Their son Julius Weis Friend was an editor of The Double-Dealer, a short-lived but influential New Orleans literary magazine (1921-1925) that published many up-and-coming modernist writers. Among its contributors were novelist Sherwood Anderson, poet Amy Lowell, avant-garde feminist novelist Djuna Barnes as well as, early in their careers, novelists Ernest Hemingway and William Faulkner. The Double Dealer had an unusual number of women contributors and also published African American writers, including poet Jean Toomer.

In 1924, Ida Weis Friend's son Henry "Bunny" Friend died at age 18. In his memory, she donated funds to create the Bunny Friend Playground in the 9th Ward of New Orleans. In 2015, the playground was the site of a mass shooting incident in which 17 people were injured.

Ida Weis Friend is described in her elder years in the memoir My New Orleans, Gone Away, by Peter M. Wolf. The book cites her efforts to collect money, food and books for Jewish refugees during World War II; in 1946, the American Red Cross honored her efforts with a national award.

Her brother Samuel Washington Weis, a graduate of Phillips Exeter Academy (1888) and MIT (1892), was a sketch artist and entrepreneur. In 1906, he became president of Ilg Electric Ventilating Company, a producer of military and industrial fans in Chicago.

== Career ==

From 1919 to 1921, Ida Weis Friend advocated for a government-supported network of ethical businesses, including a woman-owned cooperative grocery store. She worked through both the New Orleans Housewives League and city government.

Also at that time, she campaigned for Louisiana to ratify the 19th Amendment, giving women the right to vote. Ultimately, however, Louisiana voted against the amendment. Friend was active in the Era Club of New Orleans, a suffrage and service organization whose name was an acronym: Equal Rights for All.

In 1921, she was one of two women delegates to Louisiana's constitutional convention. The resulting 1921 Constitution of Louisiana gave the state power to regulate working conditions and wages for women and girls. Friend later campaigned to get the state's minimum employment age raised from 14 to 16.

She was founder of the New Orleans Hadassah, serving as its first president, from 1917 to 1920. She also led the local chapter of the service organization B'nai B'rith; the chapter was later named after her. From 1926 to 1932, she served as president of the National Council of Jewish Women.

Friend was also active in civil rights, serving in 1932 as a member of the Commission on Interracial Cooperation. In 1938, she helped found the New Orleans chapter of the Urban League, an organization dedicated to civil rights and economic empowerment.

In the 1940s, she was a leader in the "Broom Brigade," a group of women seeking to clean up New Orleans City Hall. In 1946, the Brigade helped elect a reform candidate for mayor, "Chep" Morrison (deLesseps Story Morrison). They then influenced Morrison to advocate for their progressive agenda. (The name referred to the Broom brigades of the 19th century, when women performed military-style exercises using brooms instead of rifles.)
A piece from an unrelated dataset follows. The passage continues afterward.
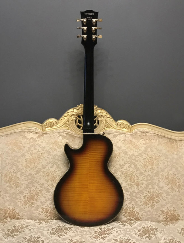 Давно хотел приобрести себе Gibson Memphis Les Paul. Вообще-то идея с Ф-ками на ЛП пришла ко мне ещё в 80х. При этом в идеале это должно было быть порядка 7.5-8 см по толщине, не ниже, супротив обычных гибсоновых 5-5.3см ( или сколько там у них). Может когда нибудь и закажу себе подобную. При такой толщине акустические данные, полагаю, должны быть уже поглубже, чем у плоскодонок типа 335го. Но известным я не стал, менеджером по произвудству на гибсоне тоже, соответственно своей модели мне не видать. По сему Gibson Les Paul Memphis.

At her death in 1963 at age 95, Friend was still active, serving as president of the board of directors of the New Orleans Home for the Incurables (now the John J. Hainkel, Jr. Home and Rehabilitation Center), a nursing facility founded in 1891 by a group of by New Orleans women.

Ida Weis Friend's papers are held by Howard-Tilton Memorial Library at Tulane University.